City Tech students design, build home for 2015 Solar Decathlon competition
In 2012, Superstorm Sandy showed that new models for housing that meet the needs of a high-density urban environment are desperately needed. A team of approximately 60 City Tech students is contributing its solution in a net-zero energy model home, as part of the U.S. Department of Energy’s 2015 Solar Decathlon international competition. The model home — built on a donated site at the Brooklyn Navy Yard — will be shipped to California at the end of this month for the final phase of the competition. After the competition, City Tech will donate the retrofitted model home to a disabled veteran.

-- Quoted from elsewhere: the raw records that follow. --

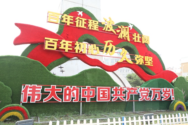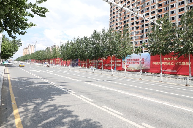 為做好慶祝中國共產黨成立100周年的社會宣傳工作,我市精心策劃主題宣傳活動,城管執法局、市場監管局、市區各街道辦事處,向沿街商戶發放了國旗,利用沿街商戶LED電子屏滾動播出宣傳標語;城管執法局在高速路口設置了主題景觀小品;住建局設計20條慶祝建黨100周年標語,將200余塊圍擋安裝在各項目工地,通過多種形式營造濃濃的“紅色氛圍”。除此之外,在市區公交車、出租車頂燈、路燈兩側也都能看到慶祝建黨100周年標語,營造出濃厚的喜慶氛圍。
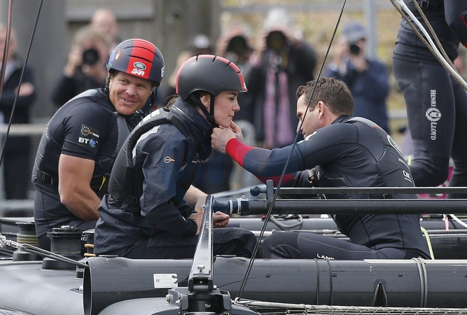 Ksiezna Kate z zaloga Land Rover BAR na ich lodzi szkoleniowej w Portsmouth
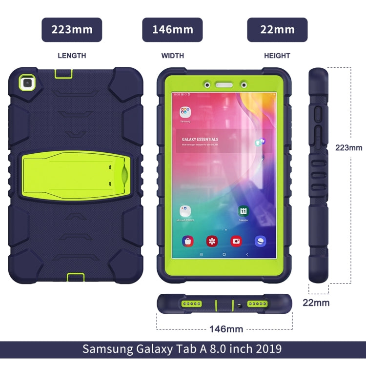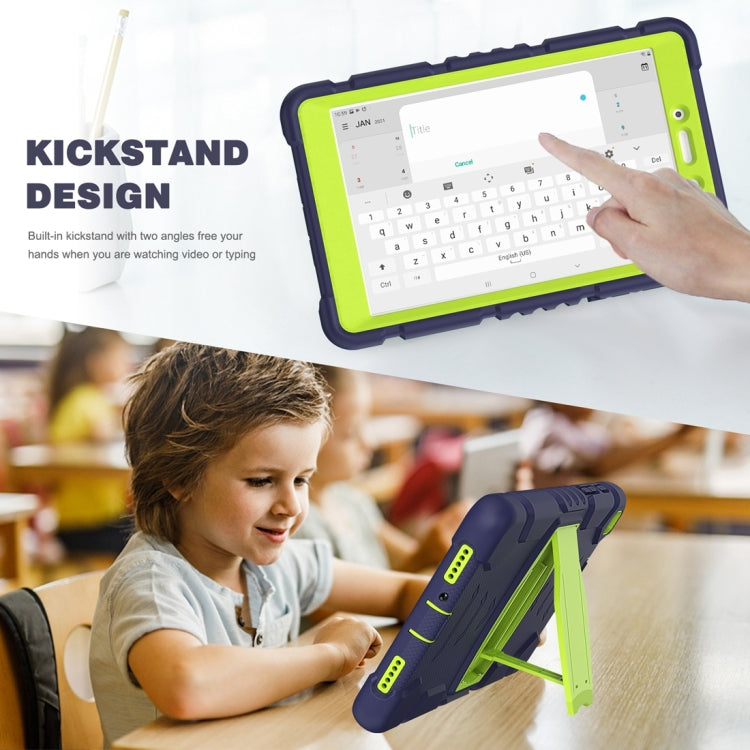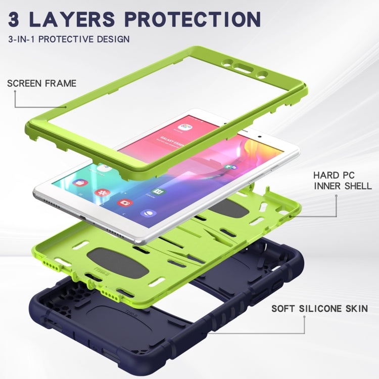 For Samsung Galaxy Tab A8.0 2019 T290 3-Layer Protection Screen Frame + PC + Silicone Shockproof Combination Case with Holder(NavyBlue+Lime)
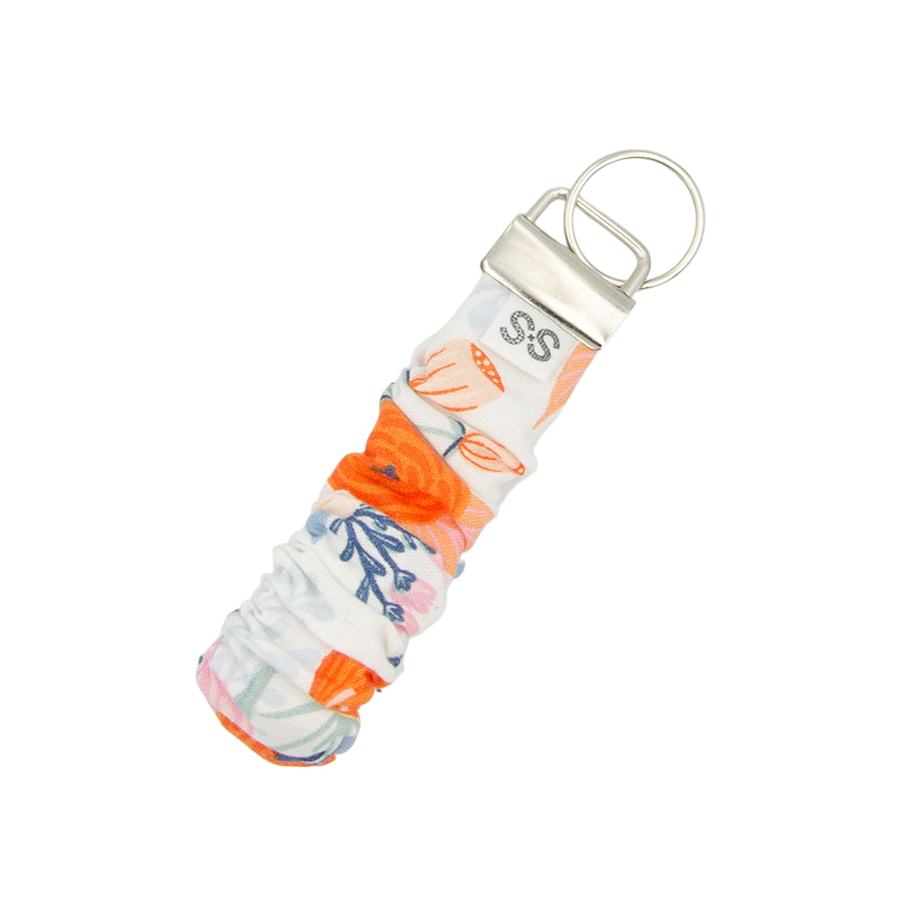 Scrunchie Hands-free Key Wristlet - Orange Floral
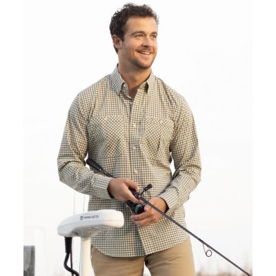 The new Tidewater long sleeve fishing shirts are quick-drying, easy-caring, and smart-looking. The shirt combines the soft, natural comfort of cotton with the performance features that warmer weather demands. The shirt is made with an exclusive light and breathable cotton / nylon blended fabric that weighs 2.85 ounces. It is equally at home on the water and your local watering hole. The Tidewater provides UPF 30+ coverage from the sun and has two pleated chest pockets with button closures. It has a classic fit with light stretch, button collar and adjustable two-button cuff.

City Tech’s team was selected as one of 20 student teams worldwide to compete in the two-year Solar Decathlon process to build solar-powered, energy efficient houses that combine affordability, innovation and design excellence. The college’s team, called Team DURA (Diverse, Urban, Resilient, Adaptable), created the DURA house — a stackable design to provide relief after catastrophic storms that can also be used for mobile and low-income housing in urban areas — with materials never before used in the U.S.
“A lot of our work has been inspired by our location,” said decathlete Evgenia Gorovaya, a sophomore studying environmental planning and math. “The qualities of diversity and being urban go hand-in-hand because City Tech is one of the most diverse colleges in the United States. And a lot of different mindsets went into developing our design.”